Supplied information
==*==
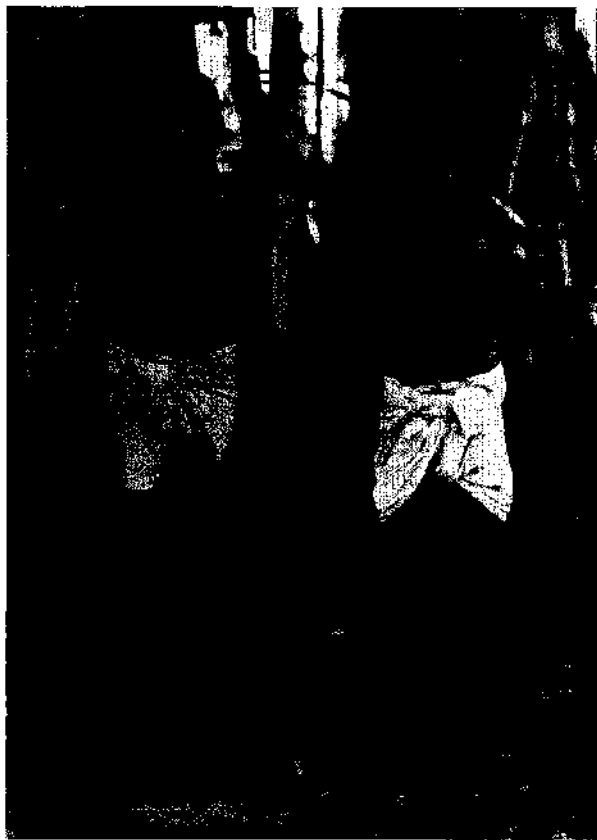
Seoris or Savaras (Mirzapur district)
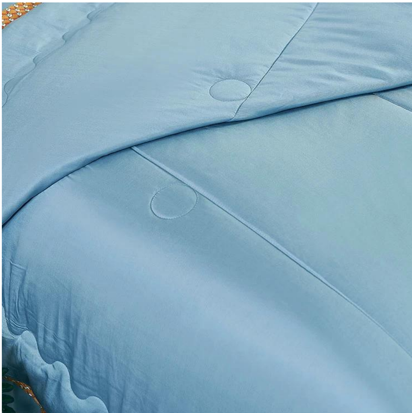
3D spiral fiber filling
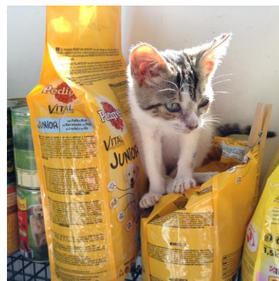
Tabby waiting for supper
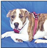
BB male, 2-year-old American bulldog.
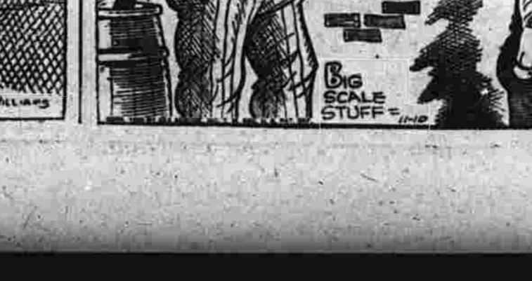
(Written by the Staff Writers)
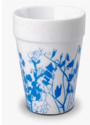
Art no. 567064 Turquoise 312C
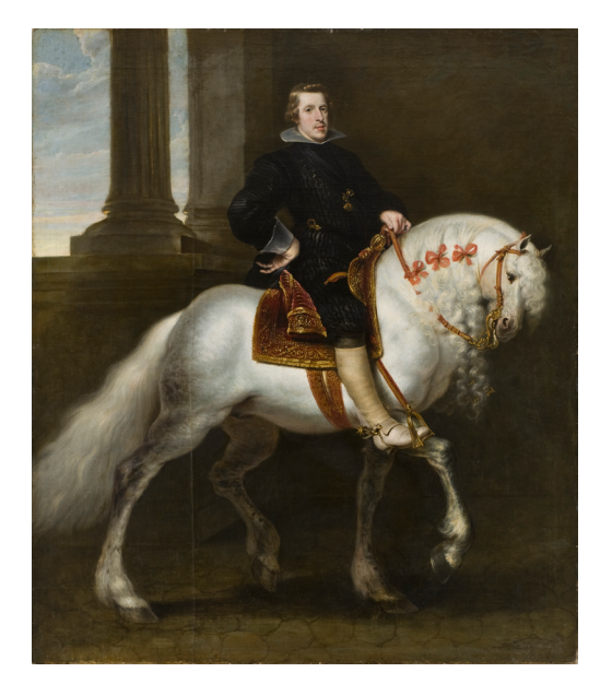
Image 4. Equestrian portrait of King Philip IV of Spain. Anonymous Flemish master. Collection: National Museum Stockholm.
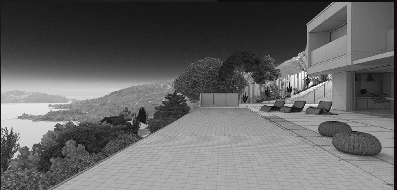
scene 05 wire

Software and models © 2014 EVERMOTION. EVERMOTION logo is trademark or registered trademark of Evermotion Inc. in the U.S. and/or other countries. All rights reserved. All *.max and bitmaps models included on this collection with data are an integral part of „archexteriors vol.21” and the resale of this data is strictly prohibited. All models can be used for commercial purposes only by owners who bought this collection. The sharing of collection data is strictly prohibited unless that user has written authorization from EVERMOTION.
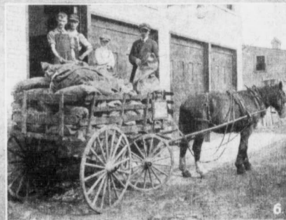
1.—View of the Main Office. 2.—A few of the big Presses. 3.—Compositors and Proof-readers. Note The Guide pages standing in type on the "Stone." 4.—Type-setting Machines. 5.—Girls assembling the "Forms" of The Guide, Folding Machines in the background. 6.—Dray-load of Mail Bags ready for Posting.
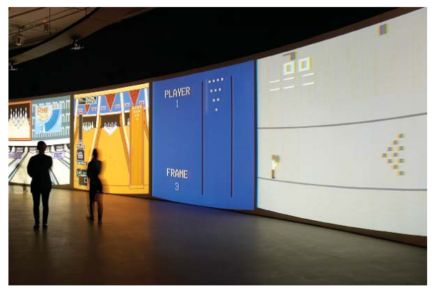
Various Self Playing Bowling Games (aka Beat the Champ), 2011 (installation view of Cory Arcangel: Beat the Champ Barbican Art Gallery, London, February 10-May 22, 2011). Hacked video game controllers, game consoles, cartridges, disks, and video, dimensions variable. Co-commissioned by the Whitney Museum of American Art, New York, and Barbican Art Gallery, London. Collection of the artist; Team Gallery, New York; Lisson Gallery, London; and Galerie Thaddaeus Ropac, Salzburg and Paris.

As in many of his video game projects, Arcangel modifies and undermines the experience of play. Viewers do not get to interact with the bowling games but instead watch the games seemingly play themselves. Over a period of a couple years, Arcangel worked with a programmer and engineer to produce what they call a "video game TIVO," a microcontroller capable of recording and playing back button pressing. Affixed to the respective controller for each video game,
==*==
Action item
Check each line of the data above for the word "game". Report how many lines have it, and nothing else.

Your response
2